Deep learning has achieved a series of advancements in the field of image and video processing. Many researchers have applied deep learning and computer vision techniques to analyze student engagement in classrooms. For instance, Zhao et al. [1] employed YOLOv7 along with a multi-head self-attention mechanism to enhance feature extraction for detecting student and teacher behaviors in classrooms. Li et al. [2] proposed an algorithm based on attention-based relational reasoning and relational feature fusion to simulate the relationships between individuals and objects in the classroom. Zhou et al. [3] combined YOLOv8, MTCNN, Cov-PoolFER, and OpenPifPaf to recognize behaviors. Although existing methods have achieved remarkable results, several challenges remain in this context:
- •Scale variation. Students who are closer to the surveillance camera appear larger size, while students who are further away have smaller sizes. On the one hand, small targets lack visual features, making it difficult to recognize them accurately. On the other hand, significant scale differences can cause the model to over-attend to targets of certain sizes and under-perform targets of other sizes.

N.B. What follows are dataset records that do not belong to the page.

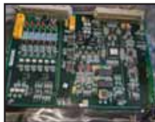
Boards — ALLEN BRADLEY & GE SPEEDMATIC
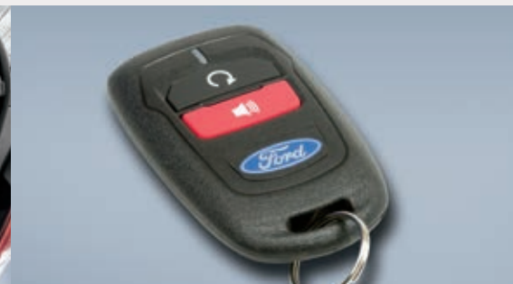
Remote start systems

Shop the complete collection at accessories.ford.com
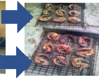
Semi-automated fish dryer, Bio- digester-bio- gas
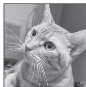
BUFFY Adult Female - Calm Quiet Snuggly Girl.
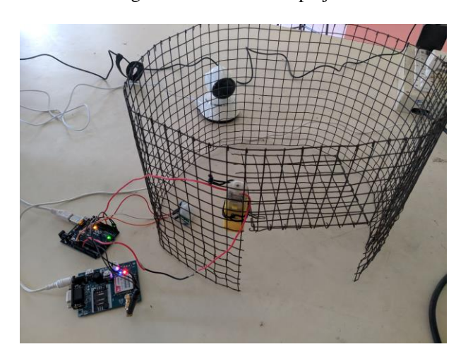
Fig 4: Hardware Interface
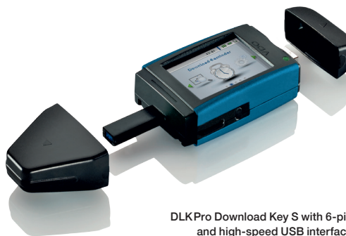
DLKPro Download Key S with 6-pin and high-speed USB interface
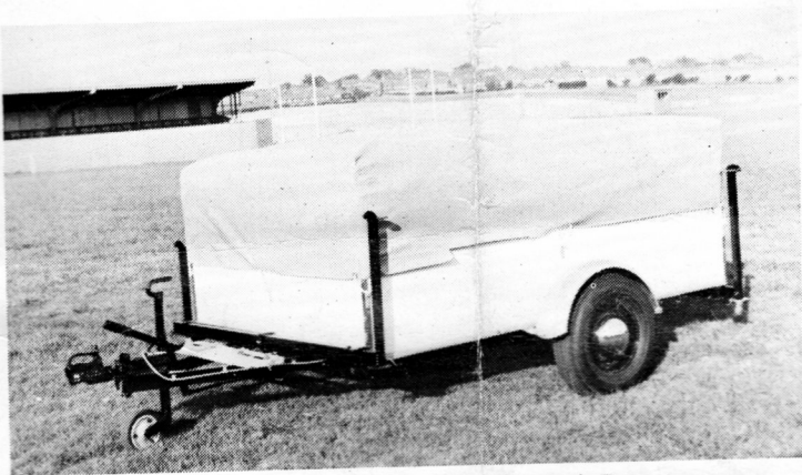
(1) Set Dandy level. Pull out jacks (self adjusting). Remove cover
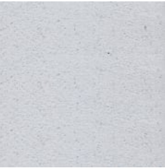
Precast Concrete White Marble Sandblasted
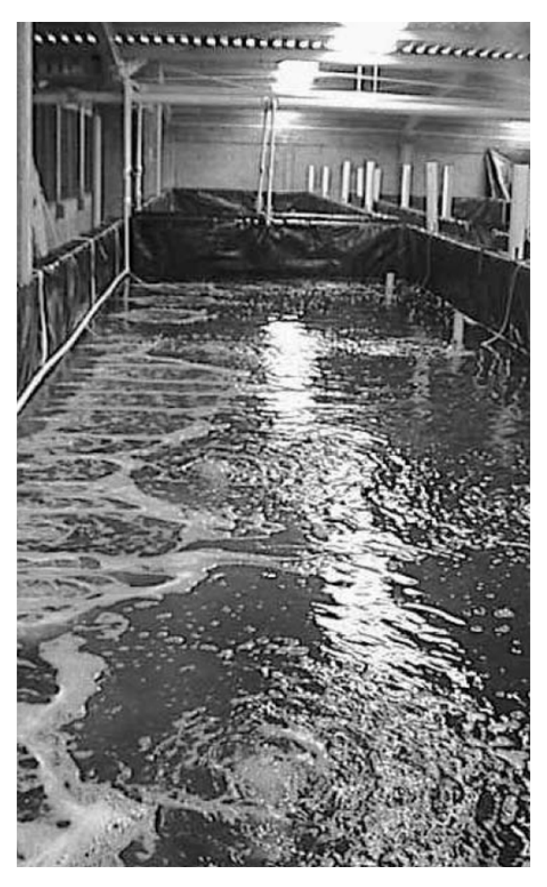
Recirculation improves water quality and provides greater chemical stability.
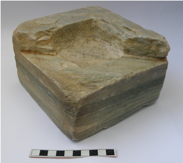
Fig. 9. Cube made of cipollino verde
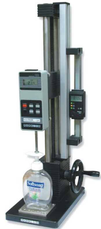
The ES30 is shown in a typical compression testing application, with Series EG digital force gauge, digital travel display, and attachments
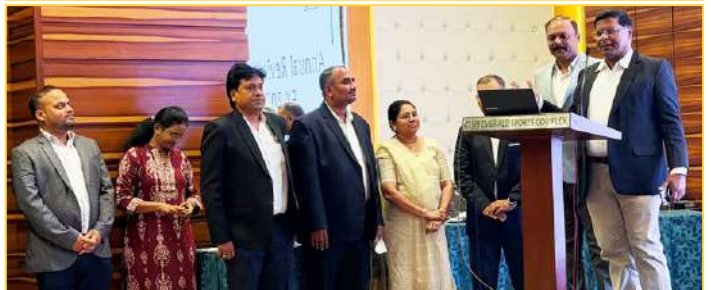
Zonal Managers addressing the audience
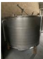
Reference: MIC-061F jacketed mix tank, 316 SS, 3... Year: 1997 Brand: LOPIK Width: .
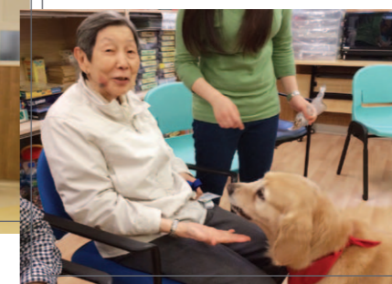
▲ 狗醫生探訪 Pet Doctor Visit
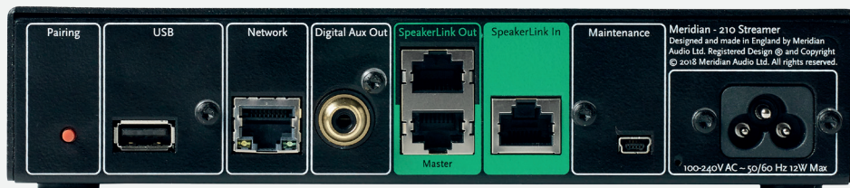
REAR PANEL LAYOUT

Master Quality Authenticated (MQA) is a revolutionary end-to-end technology that delivers master quality audio in a file that’s small enough to stream or download.
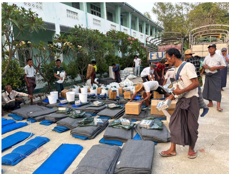
CRI distribution in Bago Region reaching earthquake-affected communities

To learn more about UNHCR's response in Myanmar, please visit the Operational Data Portal and Global Focus Reporting .
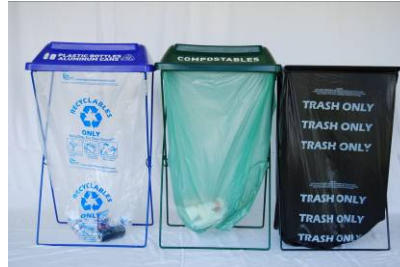
Example: Eco-station using ClearStream™ containers.
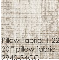
Pillow Fabric: 1-22''' x 20''' pillow fabric 2940-34CC
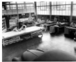
GMH Fishermans Bend - Plant 3 Interior - 1950
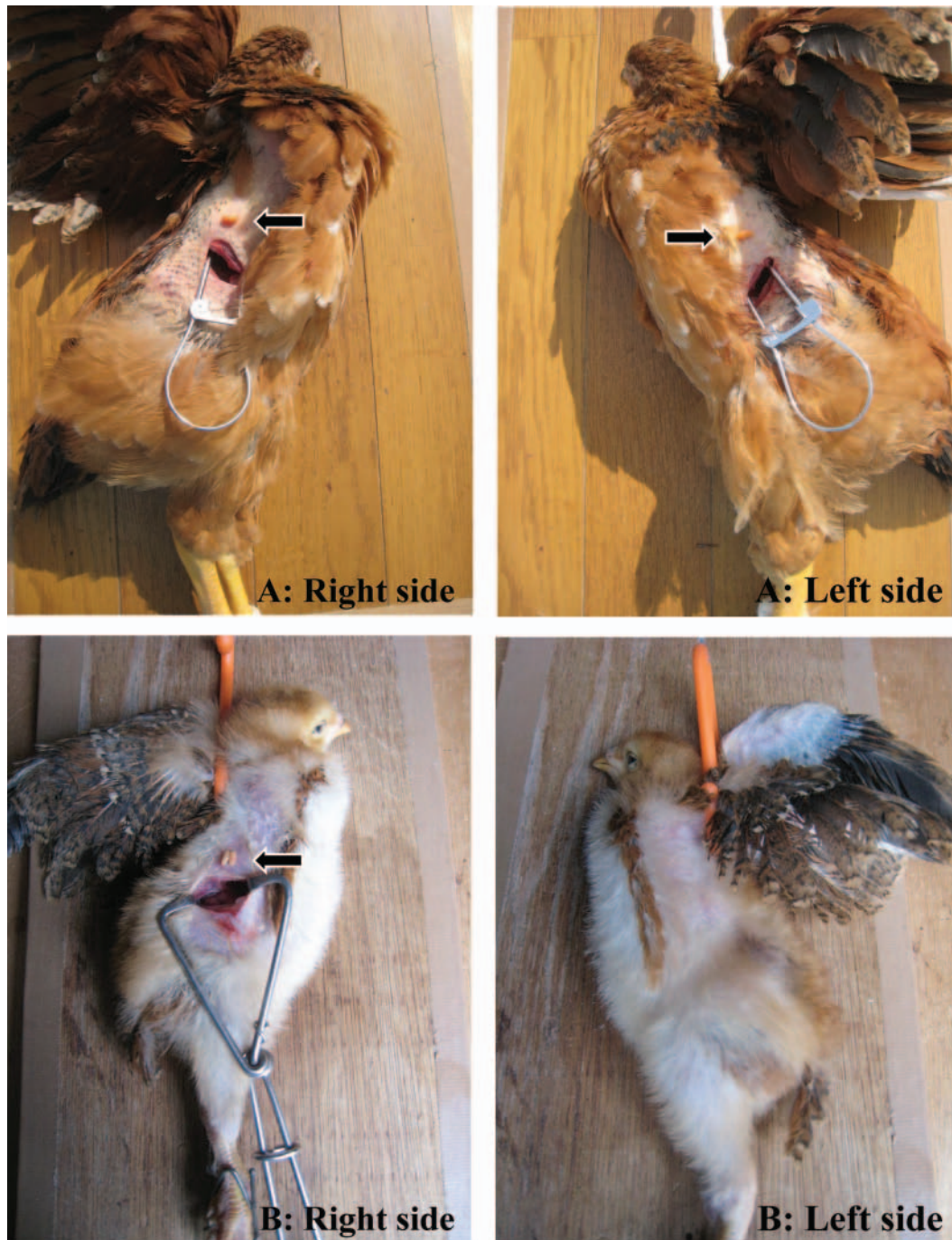
Figure 2. Caponization using tool A or tool B as shown in Figure 1. Tool A: traditional tool used in Japan (tip of the forceps is a spoon type and is 19 mm wide); tool B: improved tool (tip of the forceps is a loop type, 12 mm wide). A) Caponization from both sides using tool A at 8 wk of age. B) Caponization from one side using tool B at 2 wk of age. Arrows indicate testis. Color version available in the online PDF.

age. No significant differences were found among the BW of the 2-wk caponized, 4-wk caponized, and intact groups at any stages. After the chicks were 22 wk old, the BW of all groups was not significantly different. In the daily weight gain from 2 to 14 wk of age, the chicks in the 4-wk caponized group gained the most weight whereas those in the 8-wk caponized group gained the least weight. Moreover, the chicks in the 2- and 4-wk caponized groups gained more weight than those in the 8-wk caponized group across the experiment period (2 to 26 wk of age). Few differences were found in the feed
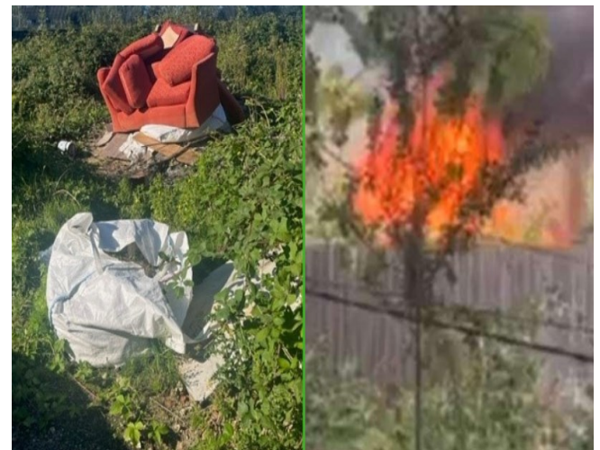
A man burning waste on private land in Folkestone found guilty of fly tipping resulting in a £464 fine.
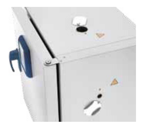
Additonal access ports top and right
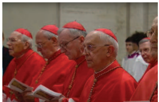
In St Peter's Basilica on May 9, Pope Francis read the Bull of Indiction for the 2025 Jubilee, in the presence of the Cardinals, including the Grand Master of the Order, announcing the opening of the Holy Door for December 24, 2024.
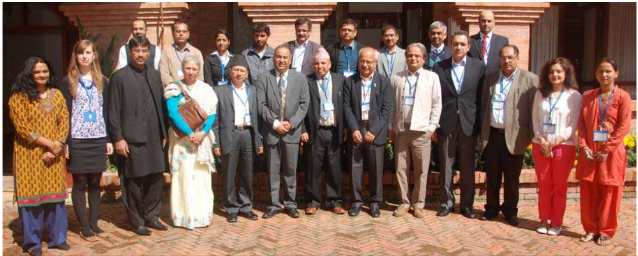
Participants of HFA2 Roundtable discussion held in October, 2015, Kathmandu.

thereby increasing susceptibility to different types of hazards.
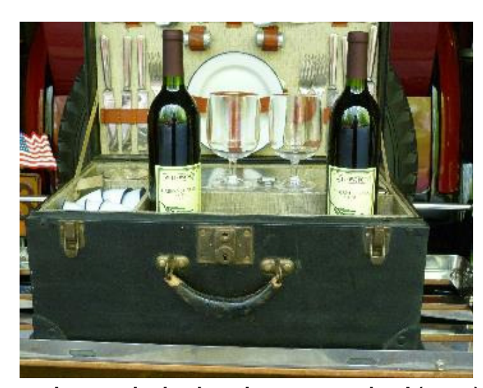
...my vintage picnic chest is now complete! (J. Gray)
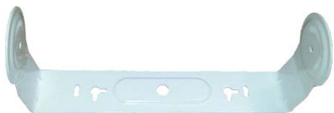
The speakers comes with a U Brackett

The plastic handle screw knob makes it a snap for installation.
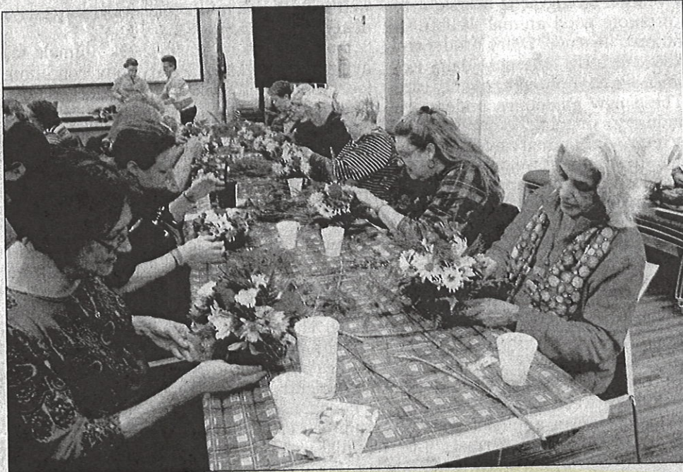
CRAFTING DECORATIONS — Attendees create tabletop centerpieces during a program hosted by the Warrenton Scenic Regional Library on Thursday, Dec. 19. Seats for the program were completely filled.
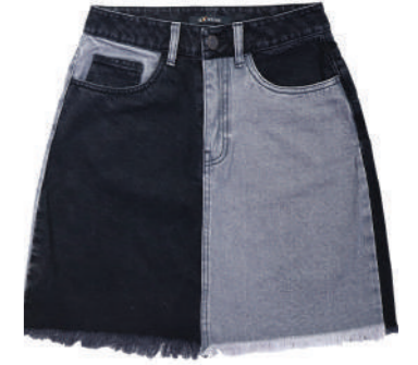
WOMEN'S LADIES SKIRT TWAR-238
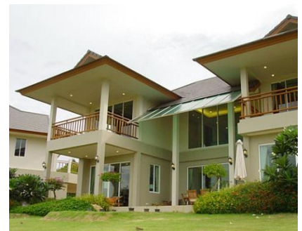
Crescent Villa – Floor Plan Can Be Modified to Meet Individual Tastes
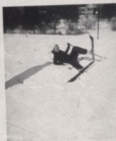
"V" for Victory
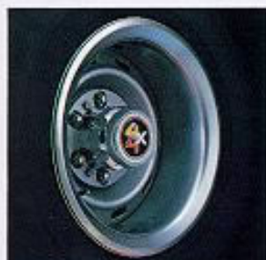
Optional Rally Wheels (standard on Silverado).

- •Occlusion. Occlusion among students in classroom poses a significant challenge in behavior recognition. Severe occlusion can result in substantial loss of critical features, ultimately compromising the algorithm’s precision in identifying occluded students.
- •Imbalanced samples. While certain behaviors, such as looking up to listen and reading/writing, are prevalent in classrooms, others like standing up to answer and resting on the desk are infrequent. This tends to skew the algorithm’s focus toward more common behaviors, thereby affecting its accuracy in identifying exceptional behaviors that warrant special consideration.
Additionally, available datasets are lacking due to privacy concerns. However, we discover Student Classroom Behavior (SCB) dataset [4], which consists of images of students in classrooms collected from the Internet, as shown in Fig. 1(a). The dataset categorizes student behaviors into three classes: hand-raising, reading, and writing.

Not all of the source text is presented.